Records for the exercise
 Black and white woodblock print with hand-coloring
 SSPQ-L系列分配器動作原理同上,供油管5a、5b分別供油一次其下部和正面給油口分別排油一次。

* * *

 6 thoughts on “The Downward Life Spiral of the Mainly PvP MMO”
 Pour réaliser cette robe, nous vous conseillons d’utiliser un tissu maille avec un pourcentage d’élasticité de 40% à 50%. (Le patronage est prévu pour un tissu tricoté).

What is needed
Among the records above, only the lines between the line holding "Black and white" and the line holding "SSPQ-L系列分配器動作原", inclusive, are to be output, exactly as written.

Response to this exercise
 Black and white woodblock print with hand-coloring
 SSPQ-L系列分配器動作原理同上,供油管5a、5b分別供油一次其下部和正面給油口分別排油一次。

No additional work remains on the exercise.